Erven wordt als iets natuurlijks gezien en als een ­logisch recht, maar het is een construct, een verzonnen spelregel. En goed beschouwd past die spelregel bij de idealen van een feodale samenleving of bij een standenmaatschappij, waarin de continuering van oude, adellijke geslachten en van maatschappelijke scheidslijnen als wenselijk wordt gezien, en iemands status wordt bepaald door geboorte. En hij past juist niet bij de idealen van een open markteconomie zoals de Nederlandse, met haar nadruk op persoonlijke verdienste en kansen voor mensen om op te klimmen door eigen inspanningen, studie of ondernemerschap.

Dit is ook de reden waarom prominente liberale denkers, zoals Adam Smith en John Stuart Mill, tegen het erfrecht pleitten. De open-markteconomie wordt geacht inkomen en vermogen juist te verdelen volgens productiviteit, en gelijke kansen te bieden. Erven is in tegenspraak met al deze principes, aangezien geërfde rijkdom wordt verkregen door geboorte, niet door verdienste, en berust op toeval, niet het meest efficiënte gebruik van middelen. Geërfde rijkdom holt gelijke kansen uit, door de ongelijke start bij geboorte.

Economisch inefficiënt

Het erfrecht inperken of zelfs afschaffen is dus geen vreemd of wild idee, maar een idee dat past bij de moderne, democratische markteconomie en het verdwijnen van de feodale samenleving. In de eerste helft van de twintigste eeuw zien we in de westerse democratieën deze gedachtes dan ook gangbaar worden. Vanaf de Eerste Wereldoorlog werden successierechten in de westerse markteconomieën snel verhoogd, expliciet om het erfelijk vermogen aanzienlijk te verminderen, met top­tarieven van gemiddeld 35 tot 40 procent, of om het zelfs volledig weg te belasten, met toptarieven van rond de 80 procent in de VS en Groot-Brittannië.

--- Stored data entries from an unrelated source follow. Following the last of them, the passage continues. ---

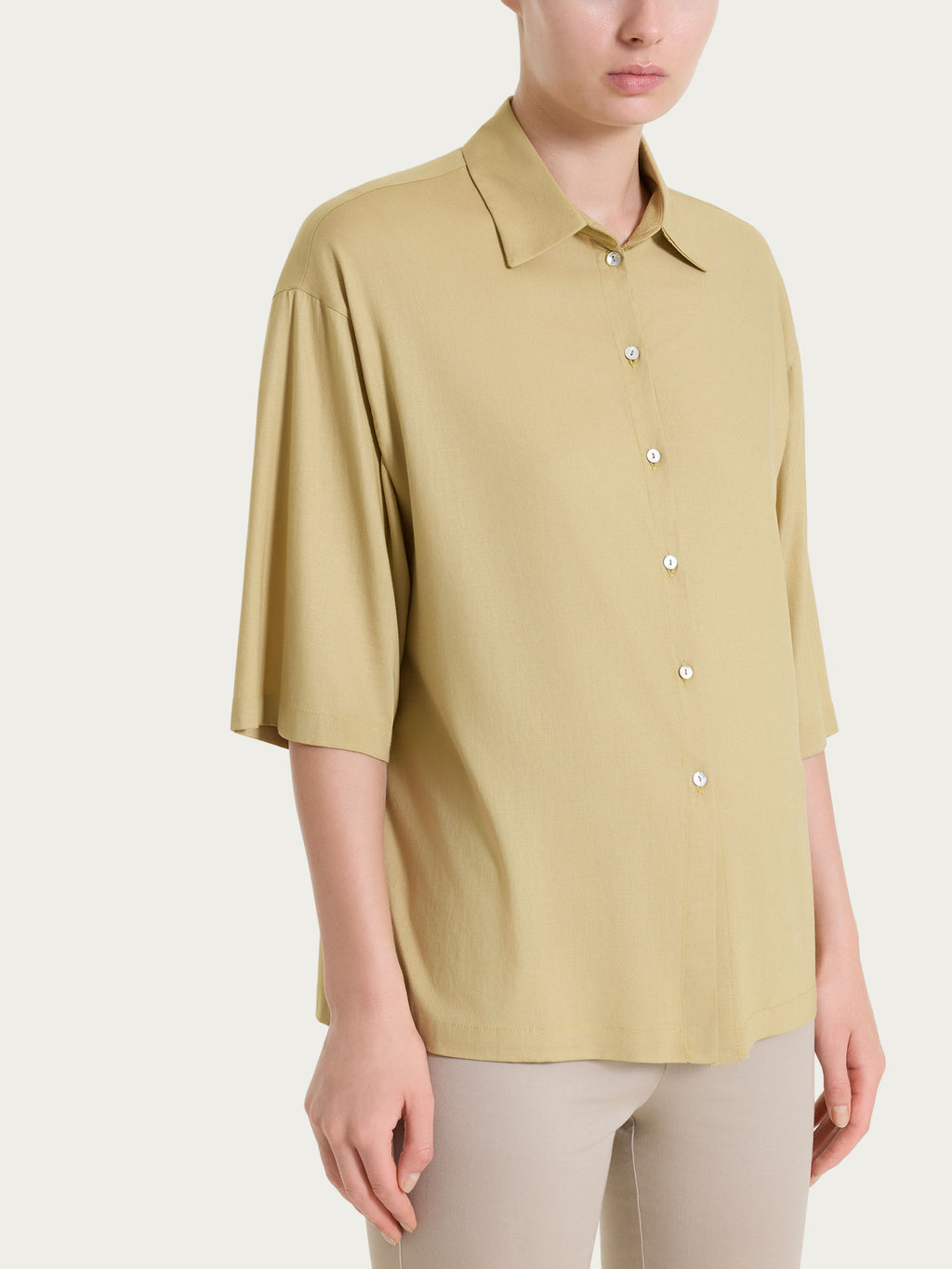 Camicia con manica 3/4 in Voile Stretch - Khaki
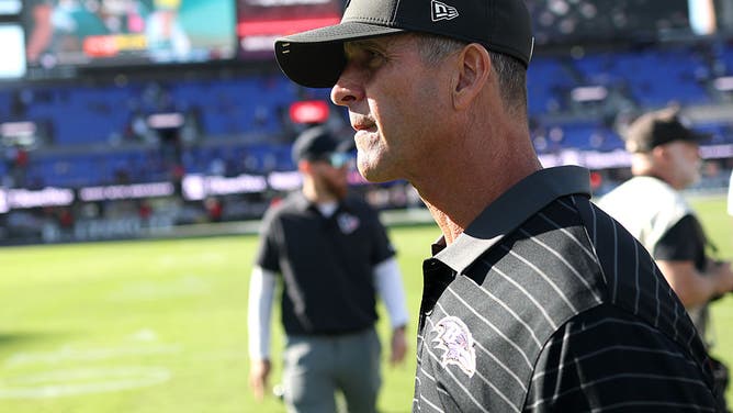 BALTIMORE, MARYLAND - OCTOBER 05: Head coach John Harbaugh of the Baltimore Ravens walks off the field following the Ravens loss to the Houston Texans at M&T Bank Stadium on October 05, 2025 in Baltimore, Maryland. (Photo by Rob Carr/Getty Images)
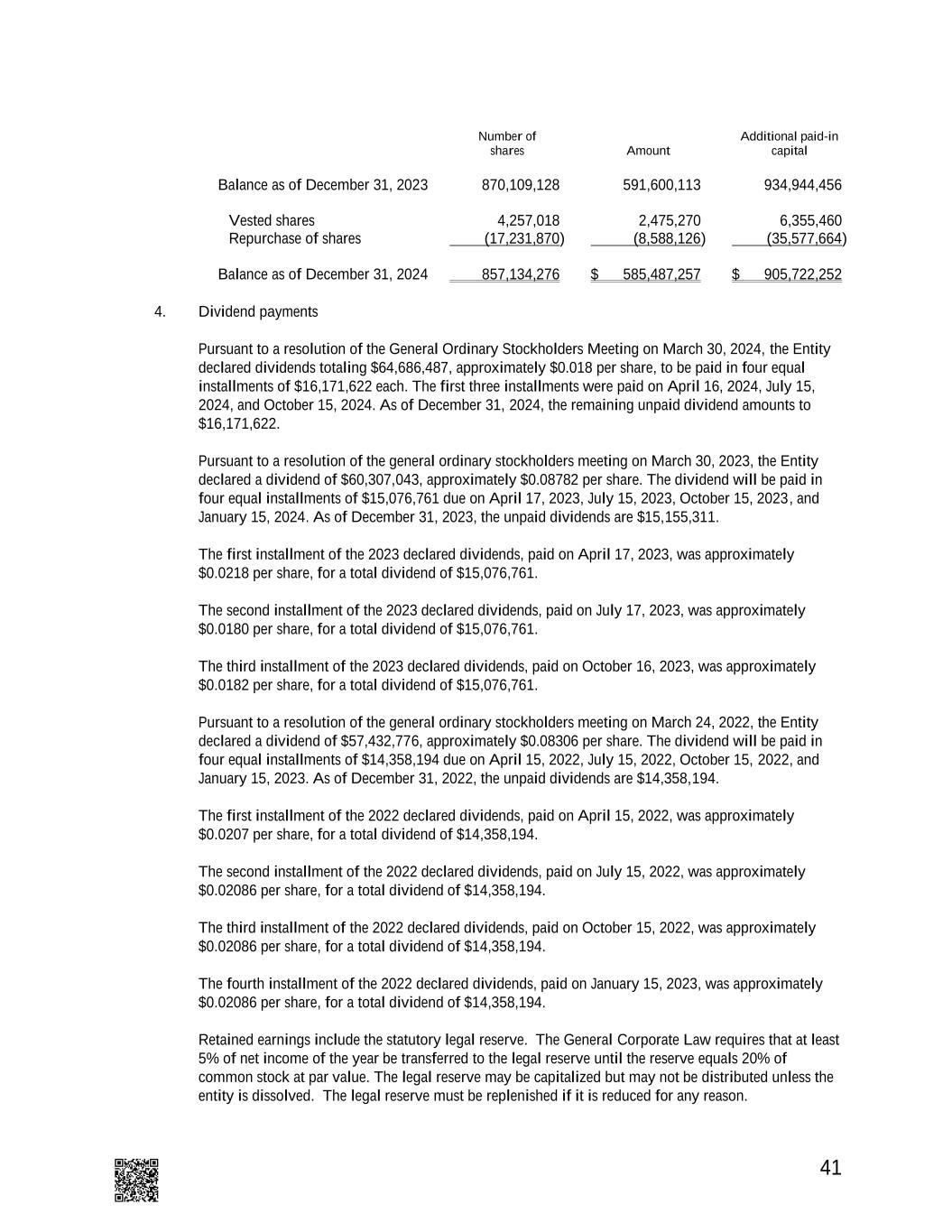 41 Number of shares Amount Additional paid-in capital Balance as of December 31, 2023 870,109,128 591,600,113 934,944,456 Vested shares 4,257,018 2,475,270 6,355,460 Repurchase of shares (17,231,870) (8,588,126) (35,577,664) Balance as of December 31, 2024 857,134,276 $ 585,487,257 $ 905,722,252 4. Dividend payments Pursuant to a resolution of the General Ordinary Stockholders Meeting on March 30, 2024, the Entity declared dividends totaling $64,686,487, approximately $0.018 per share, to be paid in four equal installments of $16,171,622 each. The first three installments were paid on April 16, 2024, July 15, 2024, and October 15, 2024. As of December 31, 2024, the remaining unpaid dividend amounts to $16,171,622. Pursuant to a resolution of the general ordinary stockholders meeting on March 30, 2023, the Entity declared a dividend of $60,307,043, approximately $0.08782 per share. The dividend will be paid in four equal installments of $15,076,761 due on April 17, 2023, July 15, 2023, October 15, 2023, and January 15, 2024. As of December 31, 2023, the unpaid dividends are $15,155,311. The first installment of the 2023 declared dividends, paid on April 17, 2023, was approximately $0.0218 per share, for a total dividend of $15,076,761. The second installment of the 2023 declared dividends, paid on July 17, 2023, was approximately $0.0180 per share, for a total dividend of $15,076,761. The third installment of the 2023 declared dividends, paid on October 16, 2023, was approximately $0.0182 per share, for a total dividend of $15,076,761. Pursuant to a resolution of the general ordinary stockholders meeting on March 24, 2022, the Entity declared a dividend of $57,432,776, approximately $0.08306 per share. The dividend will be paid in four equal installments of $14,358,194 due on April 15, 2022, July 15, 2022, October 15, 2022, and January 15, 2023. As of December 31, 2022, the unpaid dividends are $14,358,194. The first installment of the 2022 declared dividends, paid on April 15, 2022, was approximately $0.0207 per share, for a total dividend of $14,358,194. The second installment of the 2022 declared dividends, paid on July 15, 2022, was approximately $0.02086 per share, for a total dividend of $14,358,194. The third installment of the 2022 declared dividends, paid on October 15, 2022, was approximately $0.02086 per share, for a total dividend of $14,358,194. The fourth installment of the 2022 declared dividends, paid on January 15, 2023, was approximately $0.02086 per share, for a total dividend of $14,358,194. Retained earnings include the statutory legal reserve. The General Corporate Law requires that at least 5% of net income of the year be transferred to the legal reserve until the reserve equals 20% of common stock at par value. The legal reserve may be capitalized but may not be distributed unless the entity is dissolved. The legal reserve must be replenished if it is reduced for any reason.
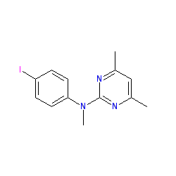 | SMILES | Cc1cc(C)nc(N(C)c2ccc(I)cc2)n1 |
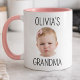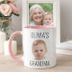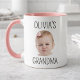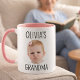 Celebrate the special bond between a grandchild and their grandpa with this heartwarming latte mug. Featuring a charming photo of little David, this mug is a perfect way to show Grandpa how much he is loved. The simple, elegant black text complements the baby's joyful expression, making it a delightful addition to any morning routine or coffee break. This mug is sure to bring a smile to Grandpa's face every time he uses it, reminding him of precious moments with his favourite little one.
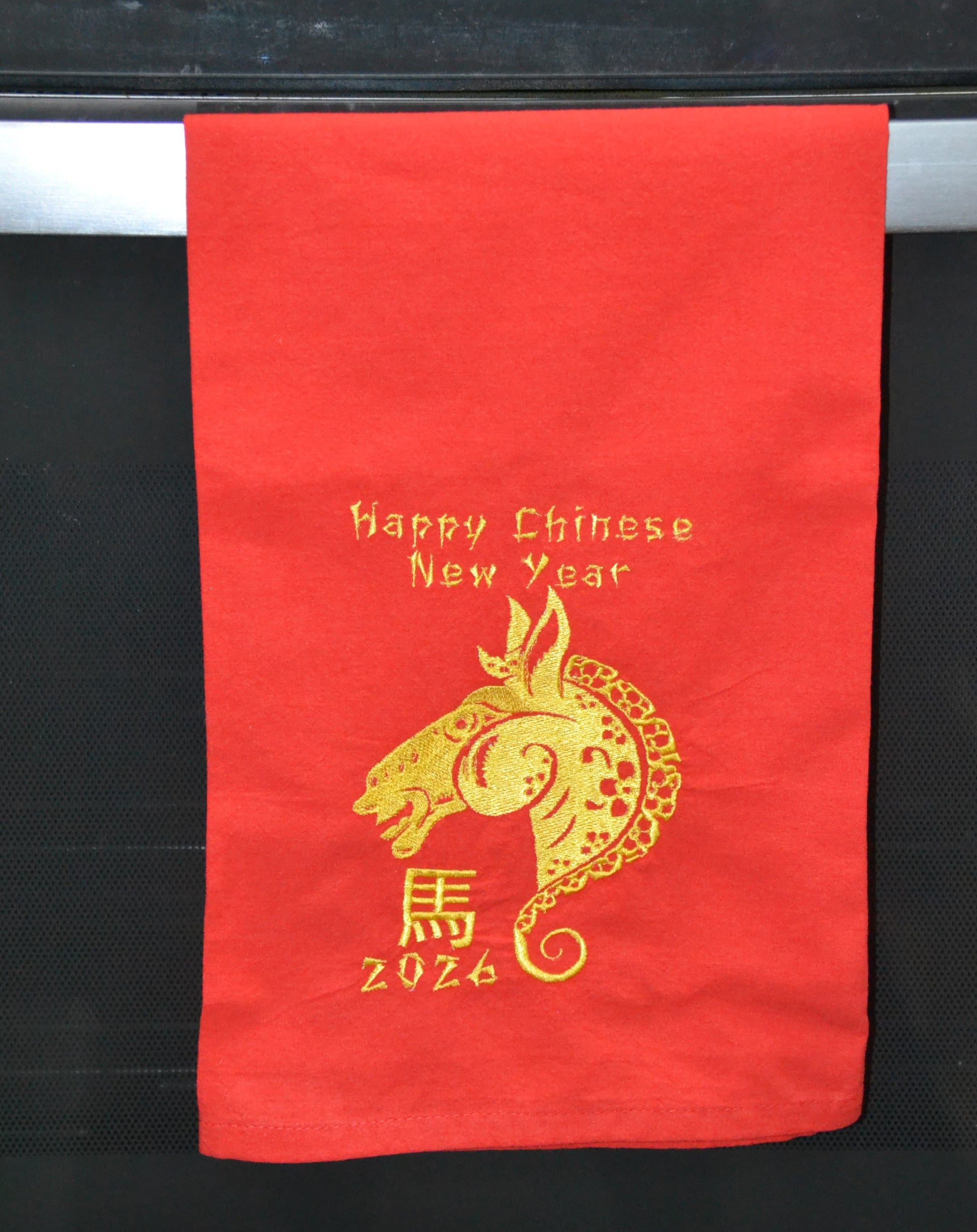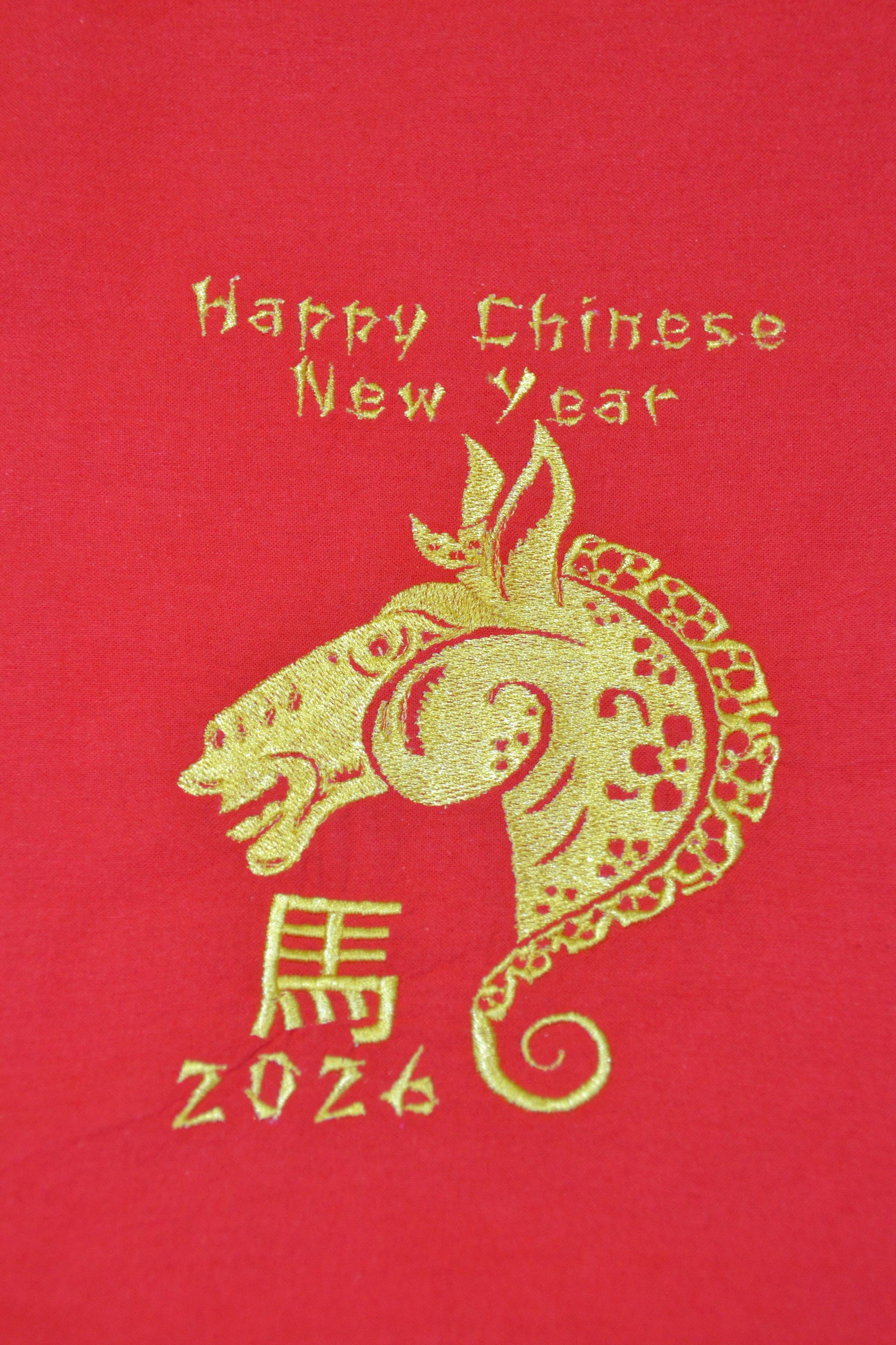 DESIGN DETAILS: Features a 6x4 inch gold embroidered horse design with "Happy Chinese New Year 2026" text, centered at the bottom when folded in thirds
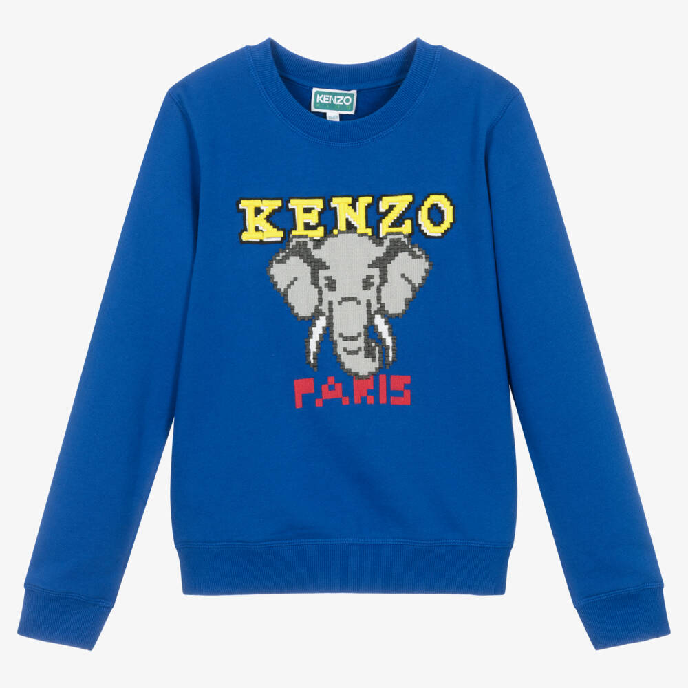 Royal blue sweatshirt for teen boys by KENZO KIDS. The brand's iconic Elephant is on the front in a fun pixelated design, with a colourful 3D embroidered logo making a bold designer statement. This comfortable top is made in a soft cotton-blend jersey with a fleecy inside and has a casual crew neck and stretchy ribbed trims.
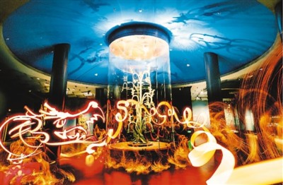 光绘是通过相机长时间曝光拍摄,在镜头前以灯光为画笔绘出图像的艺术。21世纪以来,这种新兴艺术形式在国际上颇受年轻人喜爱。王思博自2010年开始从事光绘艺术创作,致力于将中国文化元素融入这种充满科技感的前卫艺术中。
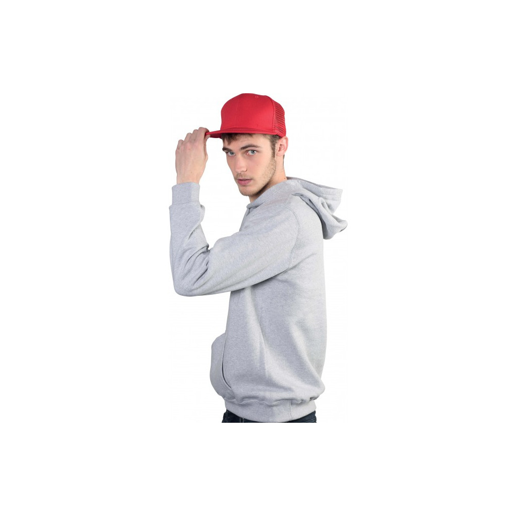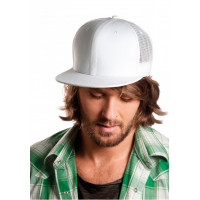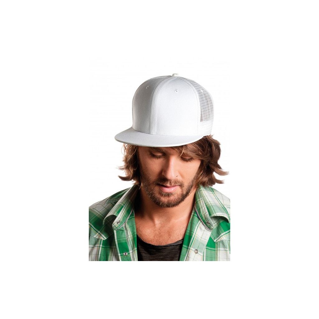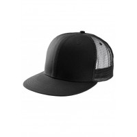 Casquette 6 panneaux 100% coton et filet 100% polyester. Visière plate. Bande de transpiration doublée en coton. Languette de réglage en plastique.
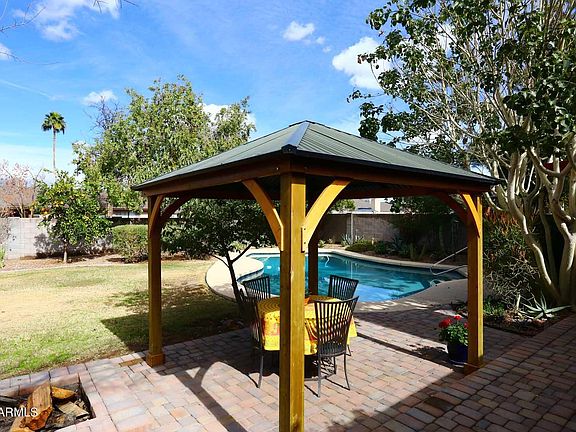 Gorgeous single level home with big front porch, -interior just painted, cleaned & ready to move in. The floorplan is perfect -Cozy step down front room with shutters & coat closet. Family room with fireplace & spacious area for dining. The airy kitchen features granite counters, newer SS appliances, picture window with back yard views, pantry & breakfast bar. There are 2 hall linen/ storage closets & 3 large bedrooms. The spacious back yard is so beautiful with paver patios, new pergola, grassy play area, cactus garden, citrus & shade trees, side yard storage & large sparkling pool. Many upgrades/replacements have been done throughout the years -windows, roof, A/C, exterior paint, all appliances, back yard hardscape, water heater,& more. NO HOA --Offer on this home today.
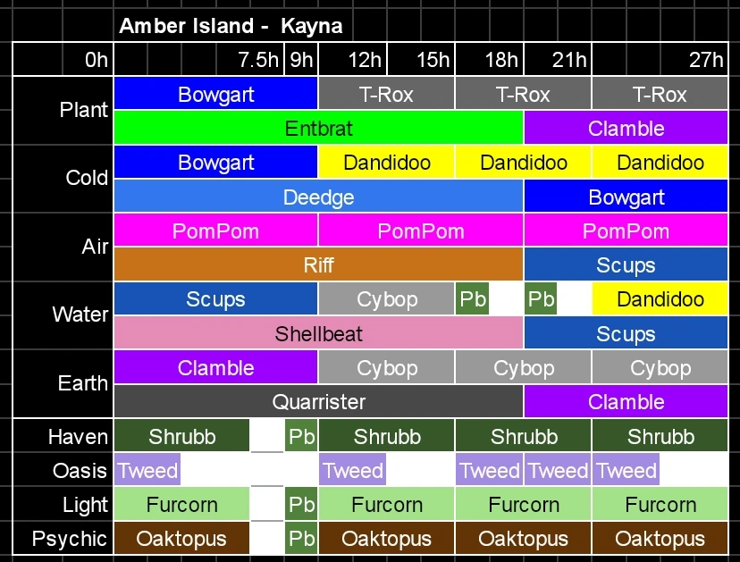 Below is an image of a Kayna farm layout. Inside the Hotel is Floogull, Woolabee, Flum Ox, Edamimi, Yelmut, PongPing, and Candelavra, the likes of Kayna and Rare Kayna, making them both 100% happy. If the Island is filled with Rare Kaynas with no Common Kaynas, a Kayna should also be in the hotel. This allows for 166 Kaynas/Rare Kaynas.

In 1910 pleitte Teddy Roosevelt, niet bepaald een linkse revolutionair, voor een progressieve successie­belasting, ‘om te voorkomen dat zeer rijken de macht in handen krijgen’. Dit beleid werd in 1919 onderschreven door Irving Fisher, de voorzitter van de American Economic Association, ook geen linkse splintergroepering, die een belasting van 100 procent voorstelde op vermogen ouder dan drie generaties. Opperrechters in de VS en Groot-Brittannië in de jaren twintig hadden er geen moeite mee om duidelijk te stellen dat het erfrecht kunstmatig is en geen natuurlijk recht, en dus een recht dat aan allerlei beperkingen kan worden onderworpen. Dit alles weerspiegelde een stemming in de leidende markteconomieën waarin geërfde rijkdom als economisch inefficiënt werd beschouwd en als op gespannen voet staand met de open samenleving.

Boete op overlijden

Deze stemming sloeg vanaf de jaren zeventig snel om, ook onder invloed van denktanks en lobbygroepen die werden gefinancierd door zeer vermogenden, zoals we nu duidelijker dan toen weten. Erven heeft de afge­lopen jaren weer aan legitimiteit gewonnen. Daarmee samenhangend heeft de erfbelasting aan steun verloren, zoals in Nederland wordt belichaamd in de naamsverandering in 2010. Erf- of successierecht – wat onderstreept dat het een voorrecht is om te erven – werd veranderd in erfbelasting, en sommigen bestempelen het nu zelfs als een overlijdensbelasting, als ware het een boete op overlijden. Deze verandering ging gepaard met een snelle verlaging van de tarieven van de erfbelasting. Canada, Australië en Nieuw-Zeeland hebben die in de jaren zeventig tot negentig zelfs helemaal afgeschaft, terwijl andere landen hun nominale tarieven sterk hebben verlaagd.

In Nederland is de belastingdruk op het aangegeven geërfde vermogen nu slechts 11 procent. Van het totale geërfde vermogen is het nog veel minder, omdat met name veel topvermogens op basis van allerlei regelingen niet onder de heffing vallen en nog lager of niet belast worden. Dat is verrassend voor een vorm van belasting die nauwelijks verstorend is voor de economie, in tegenstelling tot andere vormen van belasting. En die ook moeilijk als dubbele belasting kan worden gezien, zoals wel eens wordt gesuggereerd: de ontvanger heeft er niets voor hoeven doen en er nog nooit belasting over betaald. Het argument van een dubbele belasting kan hoogstens in een feodale samenleving worden gebruikt, niet in een markteconomie.

Fiscale constructie

De geheven bedragen over erfenissen zijn in de praktijk overigens veel lager dan de nominale tarieven, als gevolg van vrijstellingen en vermogensbeschermende regelingen, die met name grote vermogens afschermen voor belastingheffing, bijvoorbeeld door ze te bestempelen als durfkapitaal of in liefdadigheidsinstellingen, speciale fondsen of trustfondsen onder te brengen, of in familiebedrijven. Dat laatste soms terecht, en met een goed economisch doel, maar soms ook kunstmatig, als fiscale constructie.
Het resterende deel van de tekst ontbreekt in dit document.